Оттепель - Эренбург Илья Григорьевич 8 стр.


Савченко молчит. Вот уже красный кирпичный дом. Он говорит себе: сейчас или никогда. Какая глупость, что нет слов, вот совсем нет, как будто я их растерял на снегу!

- Соня, я тебе сейчас скажу… Ты не смейся, но я без тебя не согласен… Сквозь туман, сквозь снег, все равно…

Она молчит. Он берет ее за руку, губами касается ее холодных губ. Она шепчет печально:

- Не нужно… Пропасть между нами… Такая пропасть, что голова кружится…

Через секунду, придя в себя, она уже обычным голосом говорит:

- Я ведь тебе сказала, что у нас слишком равные характеры. Хватит об этом… Хочешь чай пить с нашими? Ну, что же ты молчишь? Не хочешь?

Савченко в гневе отвечает:

- Ты мне еще не сказала, что дважды два - четыре и что нужно держать деньги в сберегательной кассе!

Надежда Егоровна зовет:

- Соня, ужинать иди. Отец сказал, что Савченко приходил. Почему ты его ужинать не оставила?

- Он спешил на совещание, я его немного проводила - голова болит. Мама, я ужинать не буду - так и не прошла голова…

Она запирается в своей комнатке. Ей очень горько: ведь она только что отказалась от счастья. Если рассказать отцу, он скажет: "Ты с ума сошла, раз вы друг друга любите, чего же себя мучить?" Объяснить нельзя, но я твердо знаю, что мы не можем жить вместе. Дело не в том, что мы разругались. Он глупо мне сказал насчет сберегательной кассы, за одно это я могла бы его возненавидеть. Но он еще мальчишка. Сейчас он, наверно, сам жалеет, что погорячился. Я разбираюсь в этом лучше его. Мы можем завтра или через месяц помириться. Но ничего из этого не выйдет. Как могут жить вместе два человека, которые ни в чем друг с другом не согласны? Он считает, что я чересчур практична, признаю только таблицу умножения. Нет, но я живу на земле, витать я не умею. Не понимаю только, почему нас так тянет друг к другу? Вот он не выдержал характера, пришел. И я не могу без него. Он меня только что ужасно обидел, но если бы он сейчас явился, не знаю, хватило ли бы у меня сил его прогнать. Что ж это такое? Когда он меня поцеловал возле ворот, я думала, что сейчас расплачусь или кинусь ему на шею. Отец сказал, что я надеваю на сердце обручи. Как бы хотелось пойти к отцу, сказать: "Ты прав, я сегодня говорила не то…" И насчет меня ты прав. Такие страшные обручи, что сердце не может биться, погибаю, вот просто погибаю!..

9

Все последнее время Владимир Андреевич Пухов был в скверном настроении.
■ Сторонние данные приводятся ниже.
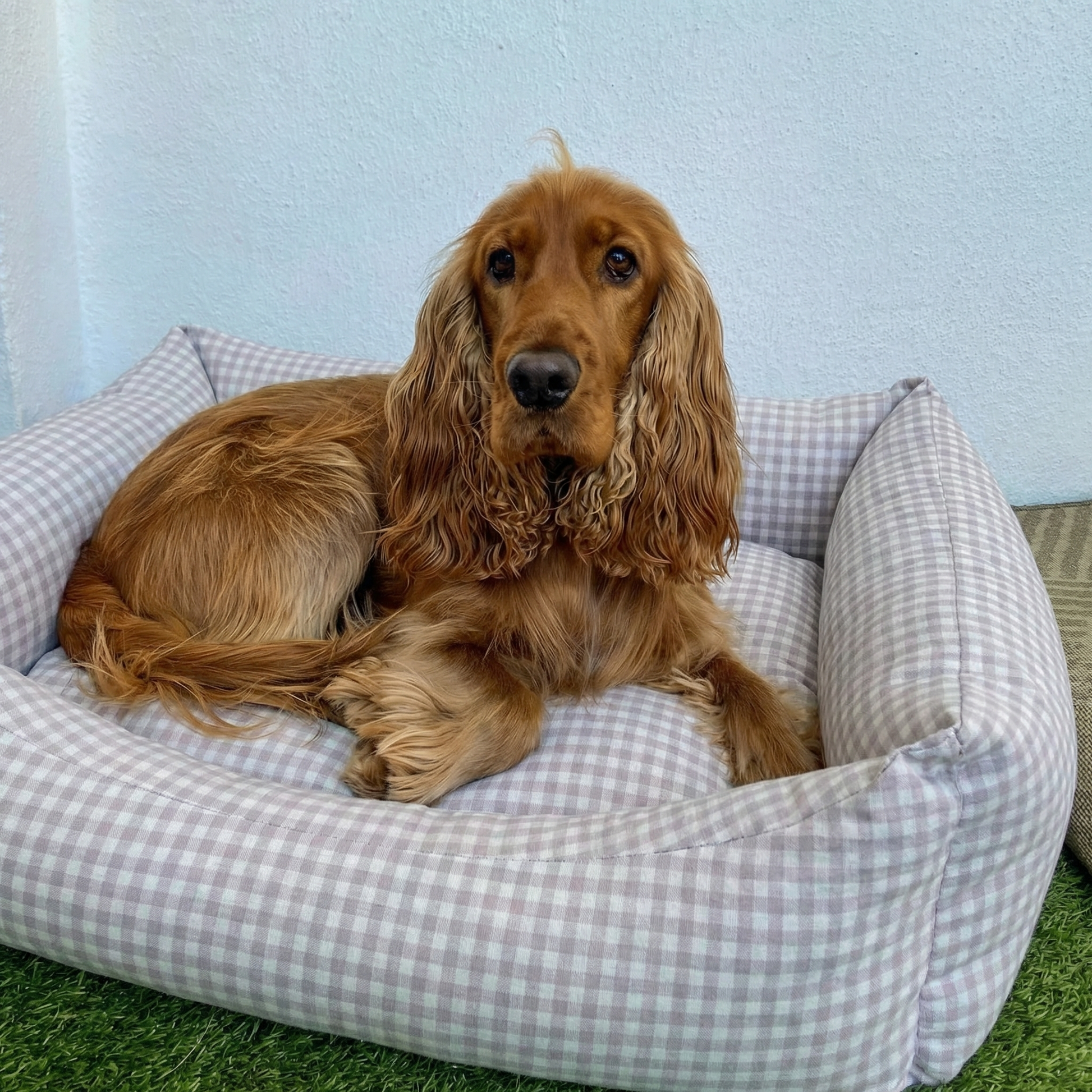 Cama para mascotas Vichy Gris . Rellena de fibra de buena calidad .

Он не приходил к Соколовскому и, встретив как-то на улице Танечку, откровенно сказал: "Ты не думай, что я обиделся, все это ерунда. Просто я не в форме, никого не хочется видеть. Даже тебя…" Танечка ответила: "Я тебя развеселить не могу, сама сижу и скулю, премьера у нас снова провалилась, я поругалась с худруком, зуб болит, нужно пойти в поликлинику, - словом, невесело…" Танечка всегда подозревала, что Володя "кривляется", но сказал он ей правду: он действительно несколько раз собирался к ней и передумывал - ей самой грустно, ее нужно утешить, а я сейчас способен нагнать тоску даже на присяжного весельчака…

Почему я расклеился, спрашивал себя Володя, и то ему казалось, что он скучает вдали от московской жизни, то он приписывал дурное настроение безденежью, то просто вздыхал: старею.

С деньгами, правда, были у него трудности. Портрет Журавлева ни у кого, кроме самого Ивана Васильевича, восторга не вызвал. Вовремя подвернулась небольшая халтура: нужно было сделать для украшения сельскохозяйственной выставки панно с изображениями племенных коров и кур. С коровами он быстро справился - дали хорошие фотографии, а вот куры его измучили - оказалось, что они должны быть белые и не похожи на обыкновенных. Владимиру Андреевичу предложили поехать в совхоз и там нарисовать с натуры. Он рассердился: ехать за восемьдесят километров из-за каких-то поганых кур? В конце концов ему достали иллюстрацию из журнала. Он выполнил работу и вчера получил четыре тысячи семьсот.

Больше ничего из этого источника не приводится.